# DATA SHOWN:
========================

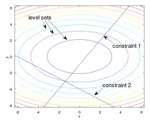 The method of Lagrange multipliers can be extended to solve problems with multiple constraints using a similar argument. Consider a paraboloid subject to two line constraints that intersect at a single point. As the only feasible solution, this point is obviously a constrained extremum. However, the level set of is clearly not parallel to either constraint at the intersection point (see Figure 3); instead, it is a linear combination of the two constraints' gradients. In the case of multiple constraints, that will be what we seek in general: The method of Lagrange seeks points not at which the gradient of is multiple of any single constraint's gradient necessarily, but in which it is a linear combination of all the constraints' gradients.
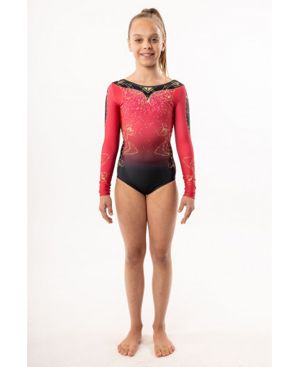 Gimnastikos triko ilgomis rankovėmis. Išskirtinis dizainas puikiai papildys choreografiją varžybų ar treniruočių metu, suteiks pasitikėjimo savimi bei nevaržys judesių.
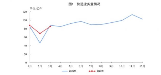 3月份,全国快递服务企业业务量完成85.4亿件,同比下降3.1%;业务收入完成818.5亿元,同比下降4.2%。

========================

# PROBLEM REQUIREMENTS:
Only the lines from the one containing "Gimnastikos triko ilgomis" through the last line of the data above, both included, belong in the reply, each restated exactly and without pictures.

# TASK RESULT:
 Gimnastikos triko ilgomis rankovėmis. Išskirtinis dizainas puikiai papildys choreografiją varžybų ar treniruočių metu, suteiks pasitikėjimo savimi bei nevaržys judesių.
 3月份,全国快递服务企业业务量完成85.4亿件,同比下降3.1%;业务收入完成818.5亿元,同比下降4.2%。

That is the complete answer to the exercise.